I am quite exhausted today and just so happened to have the oh-so-wise idea (not really) to put all of my journaling and writing in one umbrella. It's, frankly, something I should have done twenty years ago or such. I guess I am a little slow on the uptake (cringe).
Contrary to how it might appear, I am an introvert. I know how to socialize, sure, and can. But it takes a lot out of me, I will not lie. When I am alone after socializing, I am spent and exhausted.
Then, when caring for people, and having to continue to socialize with my family and the people I love most dear in the world, it is even more draining, as I give them as much as I can.
The last three days have been a lot of caring, socializing, and praying with my tribe. And that means I am quite exhausted.
And am about to do more of it today. That caring for others thing. It was unexpected. It's good to be able to go care for our family and I love to do so. It's an honor. It's just that I am already exhausted.
So, how do I deal with this? How can I give others what I don't have in the tank to give?

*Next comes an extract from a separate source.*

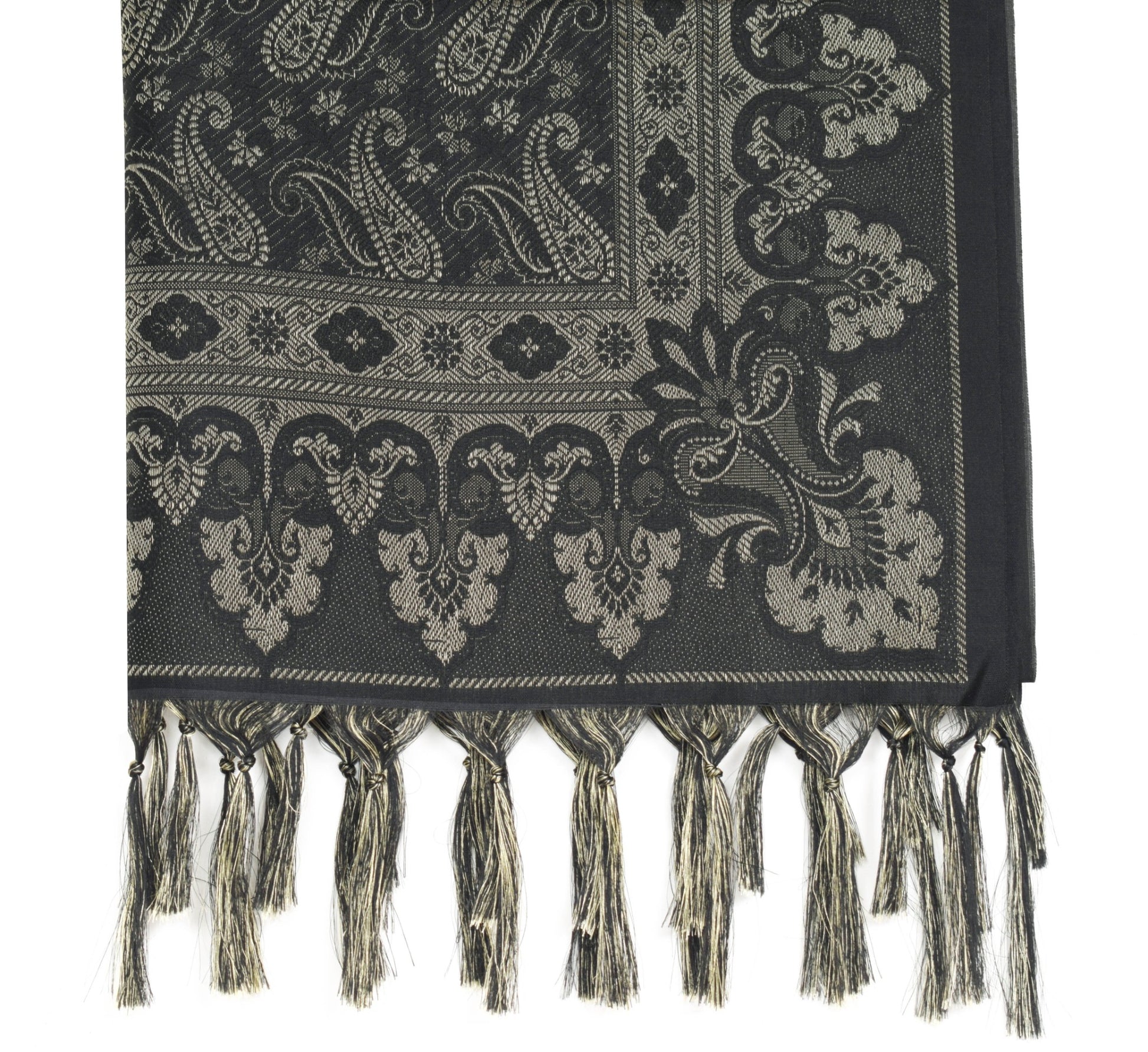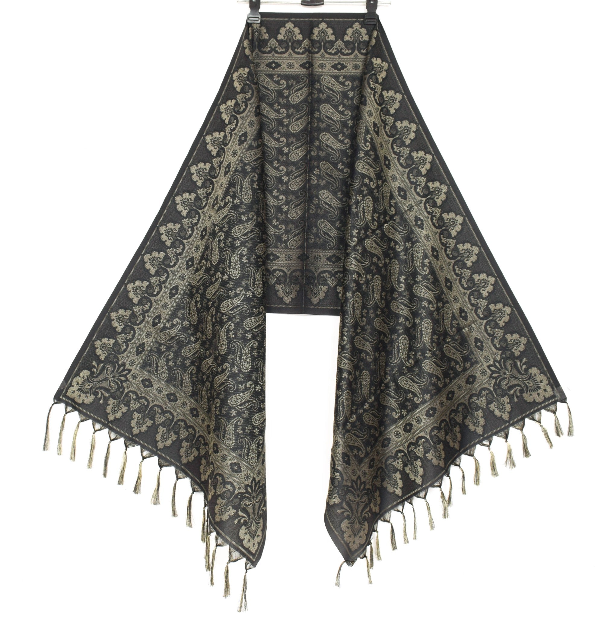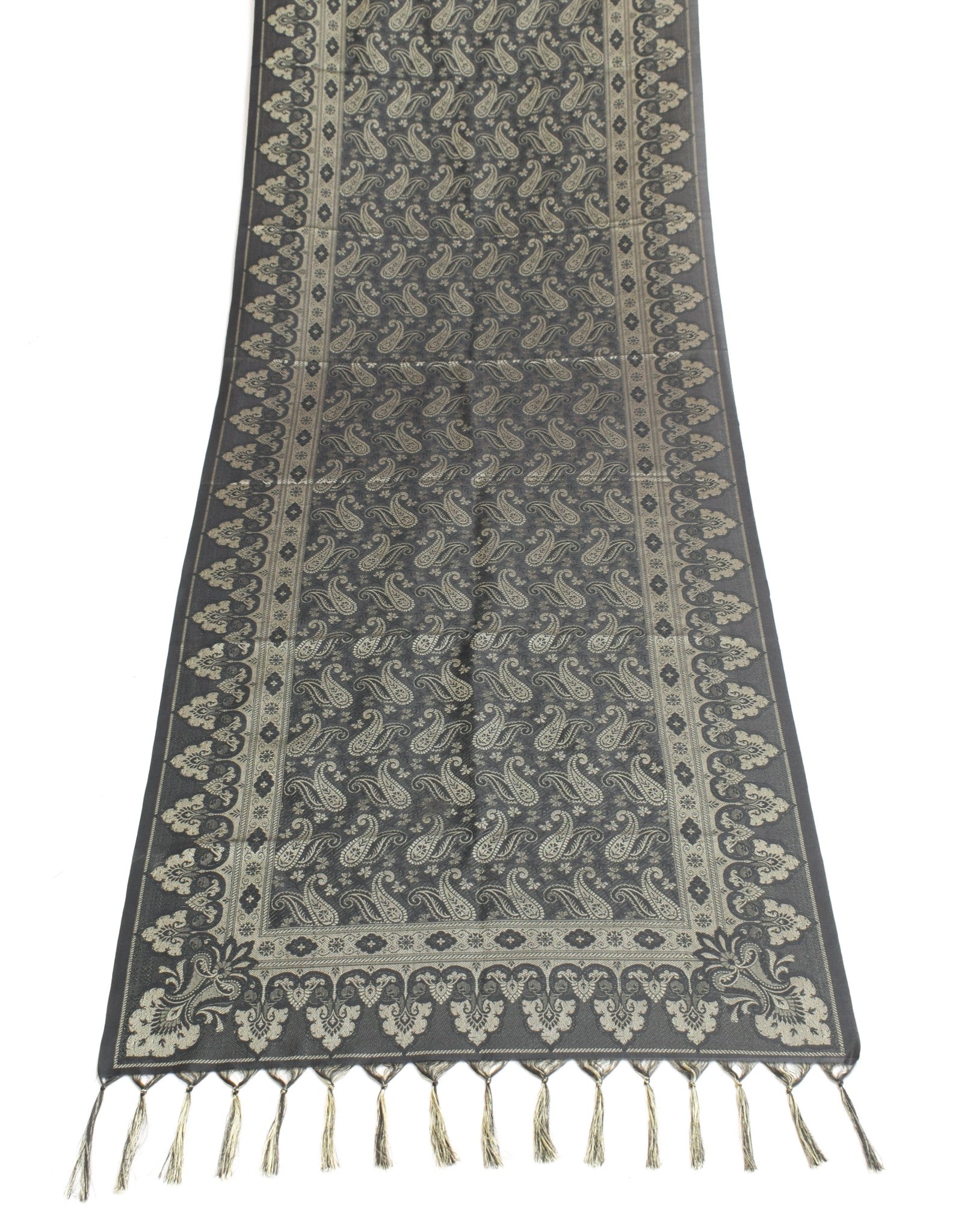 Long Stole Indian Art Silk Woven Banarasi Soft Black Dupatta

This is when I do what I should have done to start with and pray and ask Adonai/God for rest, as I am weary and weighed by burden (Matthew 11:28).

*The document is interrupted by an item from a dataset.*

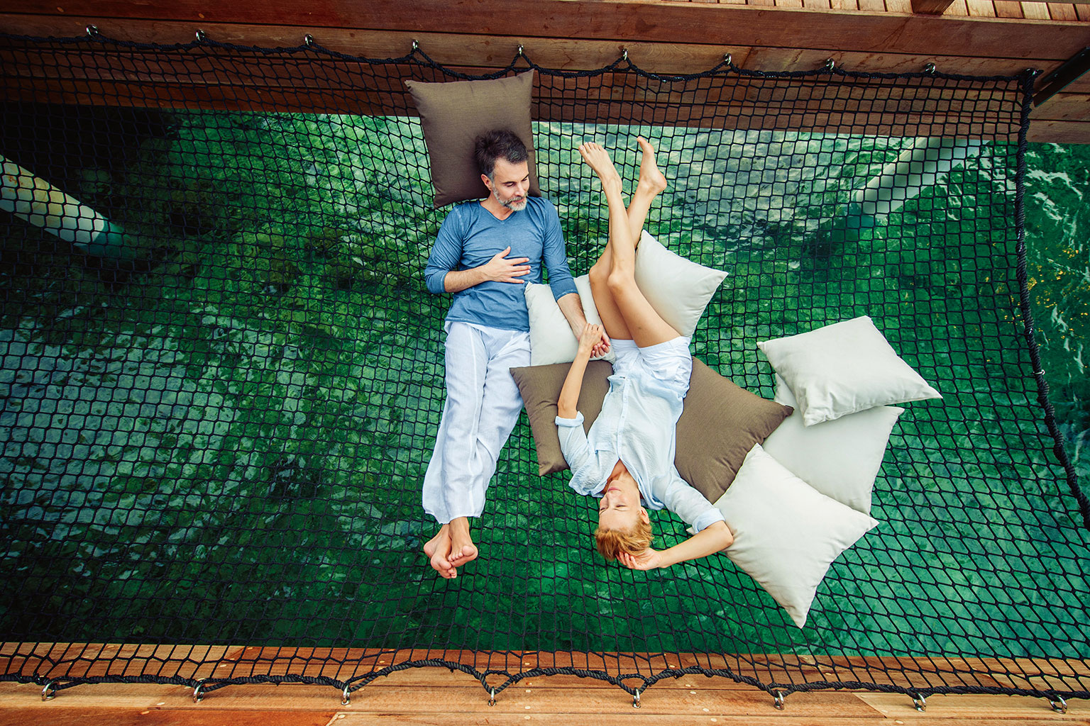 Sett från luften ser Veela Private Island ut som de havssköldpaddor som i generationer har bebott ön och gett denna maldiviska dröm sitt namn. Som gäst på Veela, där avskildhet och komfort är ledorden, blir du behandlad som en kunglighet. Designen i villor och residens är öppen, superexklusiv och genomtänkt in i minsta detalj. Privat pool är en självklarhet vare sig det handlar om din strandvilla, poolvilla eller din romantiska residens som endast är tillgängligt med båt. Denna smekmånadsdröm svävar ovanför lagunen med stora terrasser, pool, badkar och schäslonger som alla är vända mot horisonten. Självklart har residenset en privat kock, butler, spa och privat gym. På Veela Private Island står Michelinkockar för maten som serveras på flera intima restauranger där ovanför vågorna flytande ARAGU är en favorit. En annan favorit är CRU Champagne Lounge och den cylinderformade vinkällaren där du både kan njuta en gourmetmiddag och sällsynta viner som en Romanée Conti från 1956. På Velaa kan du spela tennis under tak , svalkad av två gigantiska fläktar. Även padel och squash erbjuds. Liksom de senaste hight tech-vattensporterna. Som inte det vore nog kan du putta i paradiset. Legenden Jose Maria Olazabal har designat en bana med nio olika tees, sex greener och sju bunkrar. För barnen finns en Kids Club med ett eget och förmodligen Maldivernas enda ”äventyrsland” i miniatyr.

Why is it the most obvious answer, and the one I should seek first, the one I too often seek second or third, rather than first? Why it is I know all the difference it would make, but do not choose the wisest path that would be most beneficial to not just me, but all in which I associate?

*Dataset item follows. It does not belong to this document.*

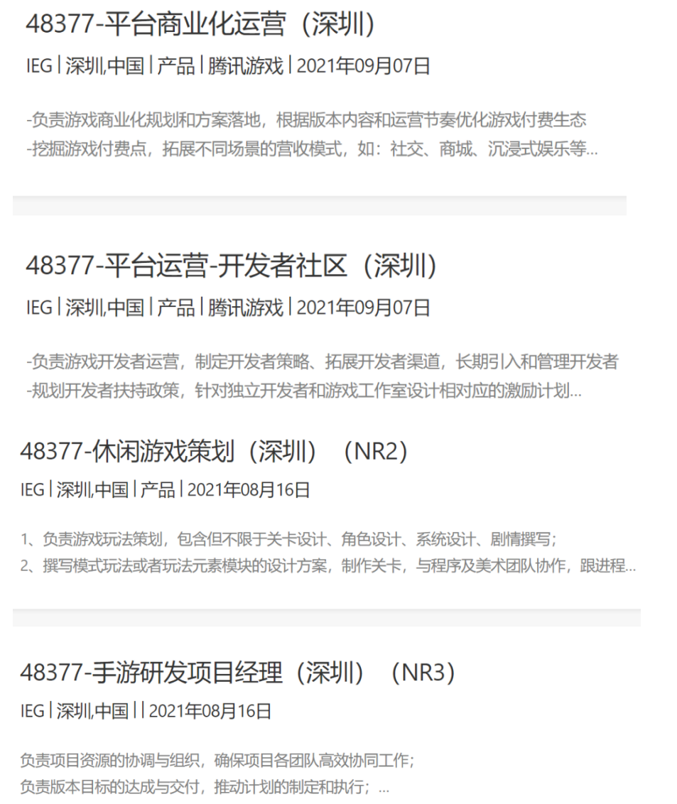 第三,这应该是游戏 + 社交的平台型产品。招聘岗位中包含了“平台运营-开发者社区”、“平台商业化运营”、“版本运营”等岗位,提到了UGC、社区运营等字眼,还有众多游戏向岗位,如休闲游戏策划、手游研发项目经理、新手游玩法策划/数值策划/系统策划等。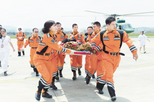 上图:8月6日,在云南省昭通机场,救援人员在转运伤员。当日,鲁甸地震进入“黄金72小时”的最后一天,目前各项抗震救灾工作正在全力展开。截至8月6日10时30分,地震造成589人死亡,108.84万人受灾。 ( 新华社发)

Seeking Him first and trusting Him, as I thank Him in and for all things, is the wisest solution to my exhaustion. After all, if I am caring for His flock, He will give me what I need to best provide for them, my family.
Prayer: Adonai, forgive me for not seeking You first and trusting You with my burden and weariness. You are always the answer. You are always the solution to all my problems. Help me to remember to seek You first, in all things. And when I do so, I will show my trust in You.